--- INFORMATION SHOWN ---
= Beginning of Section =
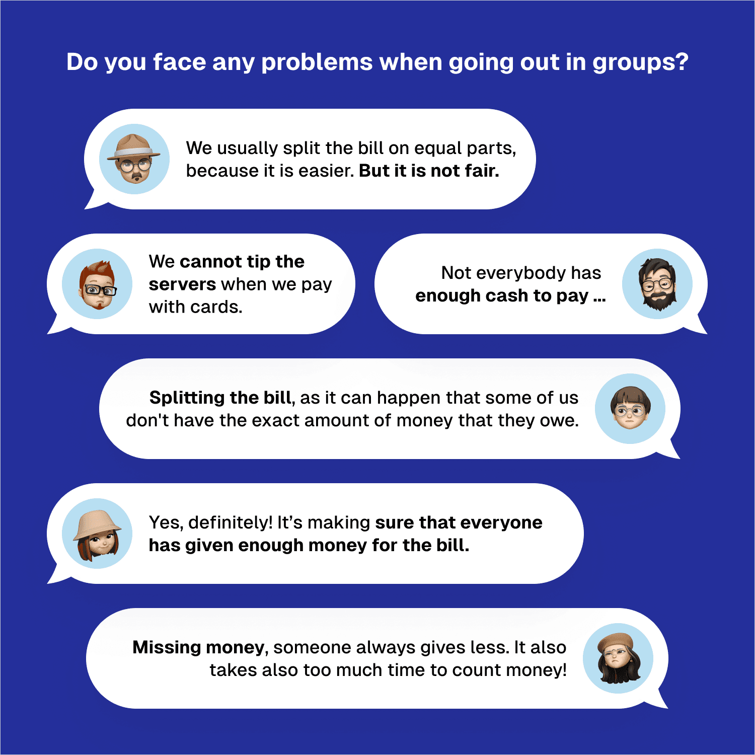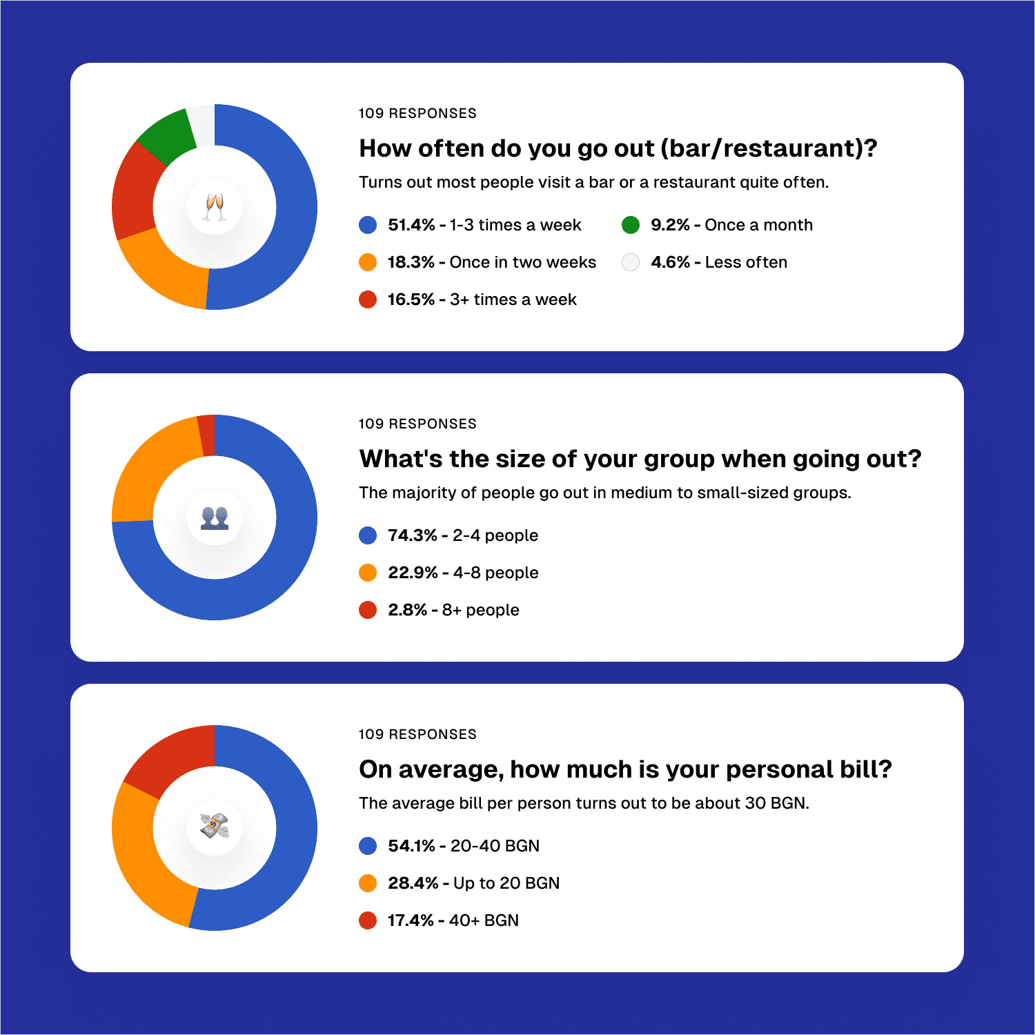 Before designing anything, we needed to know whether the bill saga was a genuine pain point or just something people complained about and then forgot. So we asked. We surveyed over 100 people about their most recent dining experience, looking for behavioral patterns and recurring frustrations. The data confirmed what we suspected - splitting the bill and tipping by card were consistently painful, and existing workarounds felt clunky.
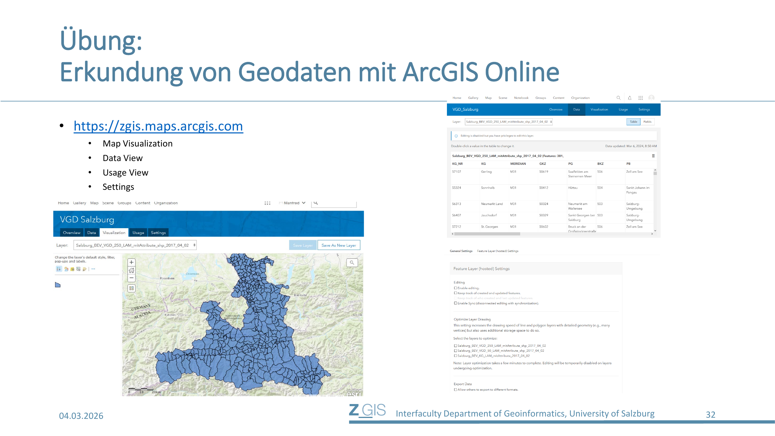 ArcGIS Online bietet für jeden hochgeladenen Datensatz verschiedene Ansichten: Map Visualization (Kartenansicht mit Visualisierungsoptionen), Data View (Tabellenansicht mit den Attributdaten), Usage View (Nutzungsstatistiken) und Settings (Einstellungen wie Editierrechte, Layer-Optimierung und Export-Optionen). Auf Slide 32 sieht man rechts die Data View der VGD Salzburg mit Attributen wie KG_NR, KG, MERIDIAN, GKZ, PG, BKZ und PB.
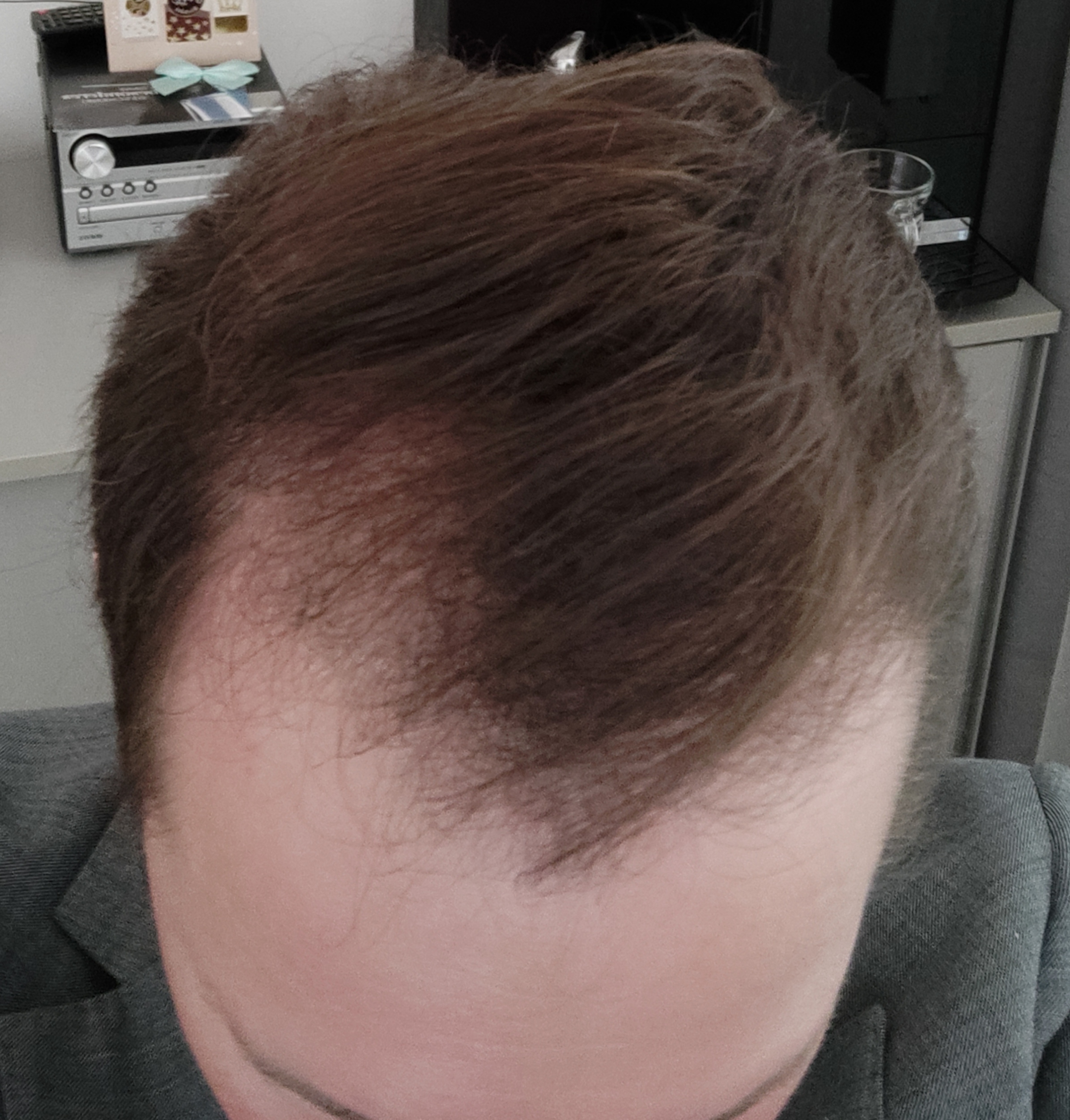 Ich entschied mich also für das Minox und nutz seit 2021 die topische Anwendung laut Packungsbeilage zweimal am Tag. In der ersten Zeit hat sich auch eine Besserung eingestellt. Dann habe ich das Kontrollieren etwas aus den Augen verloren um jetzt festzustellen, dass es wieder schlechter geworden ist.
= End of Section =
= Beginning of Section =
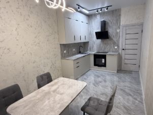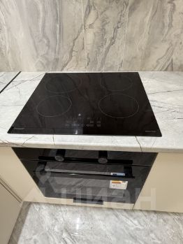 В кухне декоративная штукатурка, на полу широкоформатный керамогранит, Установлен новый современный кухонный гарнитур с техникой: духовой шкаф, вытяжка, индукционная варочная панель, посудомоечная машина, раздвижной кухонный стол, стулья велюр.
= End of Section =
--- YOUR GOAL ---
Of the records above, print only the lines from the one containing "ArcGIS Online bietet" through the one containing "Ich entschied mich", inclusive and unaltered, leaving out pictures.

--- ANSWER BOX ---
 ArcGIS Online bietet für jeden hochgeladenen Datensatz verschiedene Ansichten: Map Visualization (Kartenansicht mit Visualisierungsoptionen), Data View (Tabellenansicht mit den Attributdaten), Usage View (Nutzungsstatistiken) und Settings (Einstellungen wie Editierrechte, Layer-Optimierung und Export-Optionen). Auf Slide 32 sieht man rechts die Data View der VGD Salzburg mit Attributen wie KG_NR, KG, MERIDIAN, GKZ, PG, BKZ und PB.
 Ich entschied mich also für das Minox und nutz seit 2021 die topische Anwendung laut Packungsbeilage zweimal am Tag. In der ersten Zeit hat sich auch eine Besserung eingestellt. Dann habe ich das Kontrollieren etwas aus den Augen verloren um jetzt festzustellen, dass es wieder schlechter geworden ist.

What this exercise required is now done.